Anthony V D'Amico1, Judd W Moul, Peter R Carroll, Kerri Cote, Leon Sun, Deborah Lubeck, Andrew A Renshaw, Marian Loffredo, Ming-Hui Chen.   

Abstract

BACKGROUND: Whether the prostate-specific antigen (PSA) response to salvage hormonal therapy can act as an intermediate end point for prostate cancer-specific mortality (PCSM) remains unclear. Therefore, we evaluated whether PSA response, defined as the absolute value of the ratio of the rate of PSA change after salvage hormonal therapy to the rate of PSA change before salvage therapy, is associated with the time to PCSM following salvage hormonal therapy.

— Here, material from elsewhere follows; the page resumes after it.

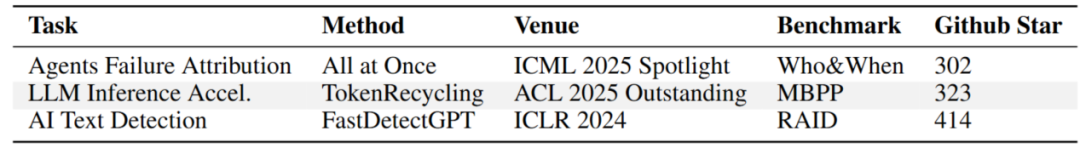 为验证DeepScientist的研究能力,研究人员将DeepScientist应用在三个当前AI研究的最前沿领域:智能体失败归因、LLM推理加速与AI文本检测 。

METHODS: A single-institution and two pooled multi-institution databases containing baseline, treatment, and follow-up information on men who received salvage hormonal therapy for PSA failure following surgery or radiation therapy from January 1, 1988, to January 1, 2002, formed the study (n = 199) and validation cohorts (n = 1255), respectively. The ability of PSA response and its constituents (i.e., pre-salvage hormonal therapy PSA slope and post-salvage hormonal therapy PSA slope) to predict time to PCSM following salvage hormonal therapy was assessed using Cox regression analysis. For illustrative purposes, PSA response was analyzed as a dichotomous variable with a breakpoint for the ratio of PSA response of 1. All statistical tests were two-sided.
RESULTS: PSA response was statistically significantly associated with time to PCSM following salvage hormonal therapy in both the study (P(Cox) =.0014) and validation (P(Cox)<.001) cohorts; however, its constituents were not (pre-salvage hormonal therapy PSA slope: P(Cox-study) =.97, P(Cox-validation) =.57; post-salvage hormonal therapy PSA slope: P(Cox-study) =.27, P(Cox-validation) =.31). Patients with a PSA response that was less than or equal to 1 had a statistically significantly shorter time to PCSM than patients with a PSA response of greater than 1 in both the study (hazard ratio [HR] = 3.6, 95% confidence interval [CI] = 1.3 to 10.3; P(Cox) =.01) and validation (HR = 12.8, 95% CI = 6.2 to 26.3; P(Cox)<.001) cohorts.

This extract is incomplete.